1.   🜔🜛🜺🝁🜚   and ‘harder’ :  🜹  🜦  🜿  

I couldn’t choose: urine  🝕, a mixture of lots of things including urea;    iron ore 🜜, a mixture, often of oxides and salts of iron;  Aqua regia, 🜆, a 1:3 mixture of nitric and hydrochloric acids. I didn’t know these words well enough to use them: regulus (a partially purified form, perhaps up to 1% of impurity) as in regulus of antimony,   🜰 and 🜱; marcasite, a semiprecious stone with iron pyrites (the disulphide).

2.  Here is a different set of fundamental elements to identify, the “Five Phases”: 

木 火 土 ⾦ ⽔, but you might prefer 土火 风 ⽔

There are some lovely little pictures, which may or may not reproduce on your screen: 1F9nn - 🦆🦕🦐🥑🦇

1F6nn  🚴🚼🛒🛠🚂, 1F3nnn🏃🐄🍳🏐🐖🌏.

3. You might guess these:       الرياح النار الأرض والماء            What is the name of the language?

  What is the name of the language here?        زمین آگ ہوا اور پانی

4. Here is a different set of four things in different character sets. I suggest you decipher one and then conclude the remainder. Identify the language or character set.

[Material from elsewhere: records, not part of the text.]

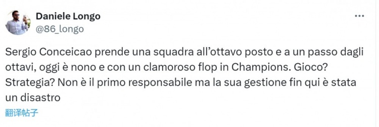隆戈寫道:“孔塞桑接手了一支排名聯(lián)賽第8名,并且?guī)缀鯐x級(jí)歐冠16強(qiáng)的球隊(duì),如今球隊(duì)排名聯(lián)賽第9名,歐冠慘淡出局。比賽風(fēng)格?戰(zhàn)術(shù)策略?他不是首要責(zé)任人,但到目前為止,他的執(zhí)教是一場(chǎng)災(zāi)難。”
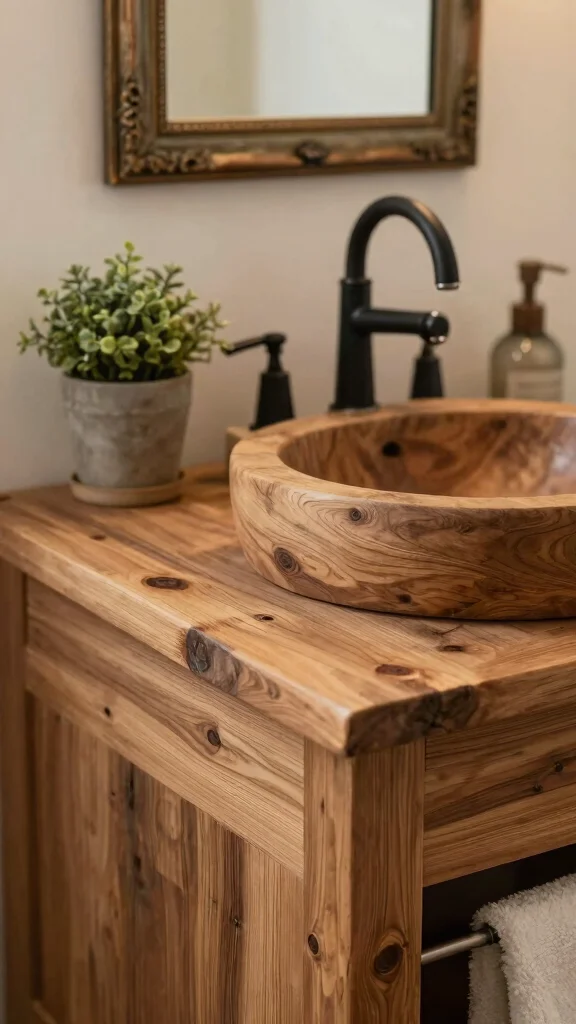 Enhance your wood tones with complementary materials like stone or ceramic to ground the design. Surround your vanity with candles, plants, and decorative stones to create an inviting ambiance.
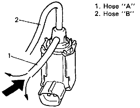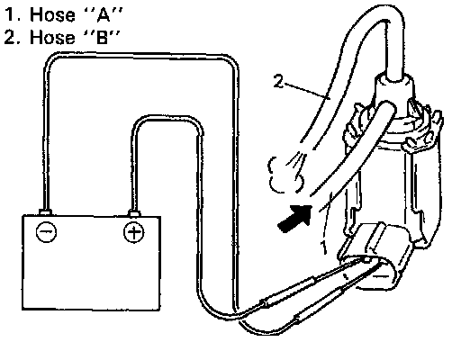 5. Connect 12V-battery to EVAP canister purge valve terminals. In this state, blow hose "A". Air should come out of hose "B".
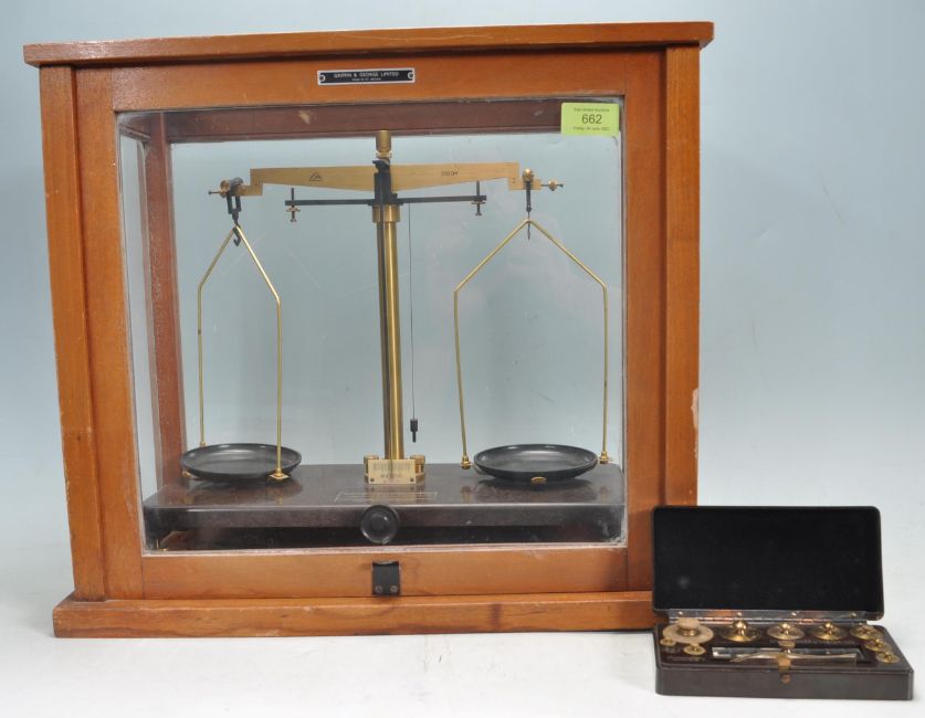 A vintage retro 20th century balance scale / laboratory scales by Griffin & George LTD.  The scale having brass arms and column with Bakelite trays and base set in a wooden case with glass panels complete with a W & J George & Becker LTD weights.
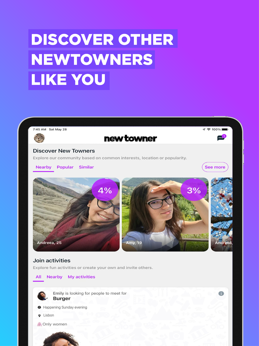 NewTowner is the first socializing & friendship app where you can meet new people nearby in fun, group activities. Here you can find new friends to go out with, explore the city and do what you love.

 उत्तर  दक्षिण  पूर्व/पूरब पश्चिम             উত্তর  দক্ষিম t  পূর্ব্ব  পশ্চিম         الشمال والجنوب والشرق والغرب

北,南,东,西,        ทิศเหนือ ตอนใต้  ทิศตะวันออก  ทิศตะวันตก

There is a private use area in unicode, in the digit zones F0nnn and 10nnnn (‘planes’ 15 and 16); read about thisThe same document explains that there are exactly 66 non-characters, which seems an oxymoron. You might wonder about those, and sentinels; the link explains enough to set you going.

Punctuation marks

¡ !   ⸘ ‽ “ ” ‘  ‛ ‟  .  ‚ „ ‘     ˝ ^ ° ¸ ˛ ¨ ` ˙ ˚ ª º … : ; & _ ¯ – —  # ⁊ ¶  ‡ @ % ‰ ‱ ¦ | /  \ˉ ˆ ˘  - ‒ ~ * ‼︎ ⁇  ⁉︎ ❛ ❜ ❝ ❞ ❢ ❣    ❡ ⸎ ⸐ ⸑ ⸓ ⸔ ⸕ ⸖ ⸗ ⸘⸚ ⸛ ⸜ ⸝ ⸞ ⸟ ⸠ ⸡ ⸢ ⸣ ⸤ ⸥ ⸦ ⸧ ⸨ ⸩ ⸪ ⸫ ⸬ ⸭ ⸮ ⸰ ⸋ ⸊ ⸉ ⸈ ⸇ ⸆ ⸅ ⸄
 ※*⁕⁑ ⁂ ⁁  ‵‶‷‴⁗𒑲𒑳

different and not spaced   ⁏;︔⁏   

similarly   〝〞〟‶⸗״᱿

2018 checking out punctuation, discovered the interrobang, ‽ which replaces ⁈ and or ⁉︎. I can see how to use that; what ab out the the dagger and double dagger? Oh, they’re for footnotes, where instead of ¹ ² ³ one would use * † ‡ (asterisk, obelus, diesis). A triple dagger exists at U+2E4B, but I can’t persuade that to print. see wikipedia on this. I discovered here a further weird collection of punctuation marks. Where weird means not previously seen and unknown usage or intention; do read it as an insight to medieval punctuation - I wondered if it might be useful for playwrights, since it offers multiple version of a spoken pause (well, non-spoken, but you know what I mean…). Some of these might actually be useful: for example, maybe we could adopt one of the elevated commas to indicate a plural, microscopically different from the apostrophe?  Would you prefer CDs or CD⸃s or CDⸯ (different from CD’s). I can find reference to the unicode 2E30 to 2E80, but I cannot see it. what I get is a load of ⸱⸲⸳⸴⹹ .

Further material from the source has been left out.